The former Blue House senior secretary for political affairs, Yoo Ihn-tae, said yesterday, “In September 2003, the United States first told South Korea through defense channels that a significant troop withdrawal was inevitable as part of the Global Defense Posture Review.” The review refers to the Pentagon’s policy under the Bush administration of realigning troops around the world by upgrading defense technology and shifting the numbers of troops stationed overseas, as formally announced by President George W. Bush in November last year.
According to Mr. Yoo, when Seoul brought up the issue of making the withdrawal plan public, the United States requested that announcements be delayed. “Our government believed it was right to make [it] public, but for some reason, the U.S. refused, and follow up discussions were postponed.”
On Tuesday, Paul Wolfowitz, the U.S. deputy defense secretary, said, “We have been discussing for some time with our Asian colleagues and with Congress the whole restructuring of the U.S. global footprint. We have already made some adjustments to our posture in Korea.” Regarding reinforcement plans, he added, “It was concluded over a year ago that it was long overdue to reduce the strain on our army that comes from having these continuous, one-year, unaccompanied tours in Korea.”

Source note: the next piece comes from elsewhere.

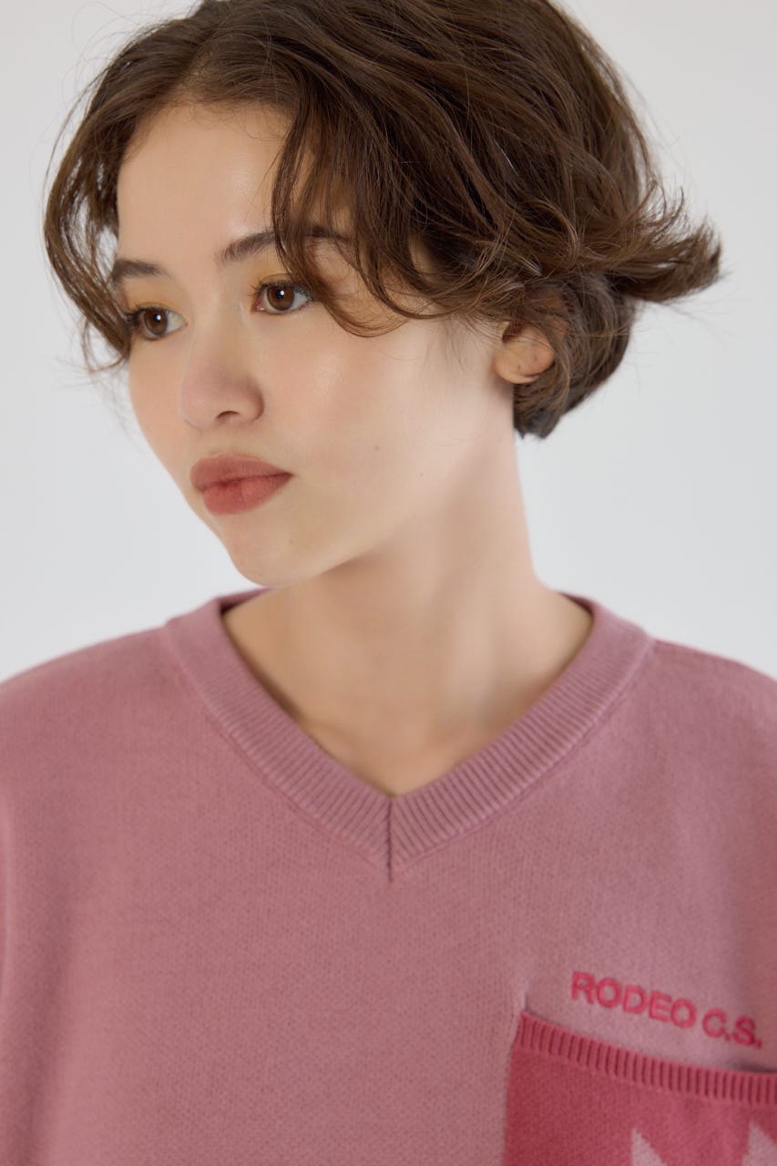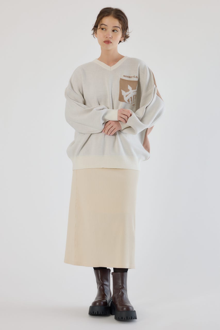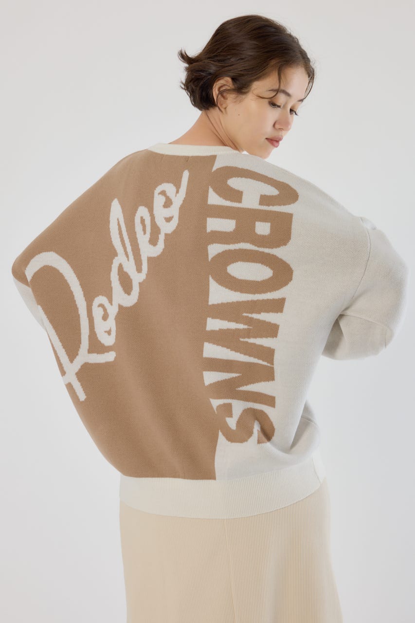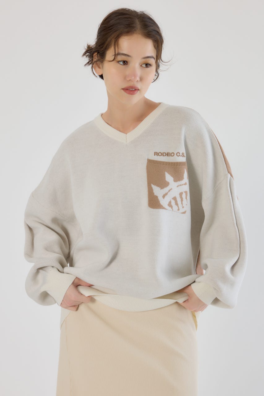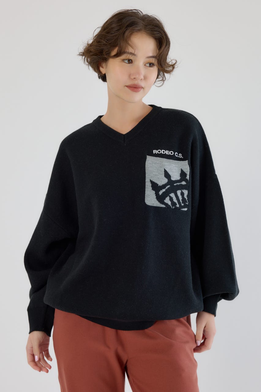 フロントには配色のポケット、バックは大胆なバイカラー仕様がRODEOらしいこだわりのニットトップスです。

Mr. Wolfowitz also cited a need to change the array of U.S. forces in Korea, as their “tripwire” role in the Demilitarized Zone was now “useless.”
The United States and South Korea originally planned to discuss withdrawal plans after the U.S. elections in November, but because of the Iraq war and subsequent pullout of some U.S. forces here, talks are expected in late fall, or earlier.
President Roh Moo-hyun is expected to hold a meeting on foreign affairs and security today to discuss repercussions and countermeasures following the pullout of U.S. forces this summer. About 3,600 troops of the 2d Infantry division will be sent to Iraq.
National Assembly defense committee members from ruling and opposition parties are voicing concern over the withdrawal. Grand National Party lawmaker Lee Kyung-jae fretted that the move was “leading to the parting of the U.S-Korea blood alliance.” Our Open Party’s chairman Shin Ki-nam said, “Our alliance stands firm. The transfer of troops has nothing to do with our delay in Korean troops’ dispatch to Iraq.”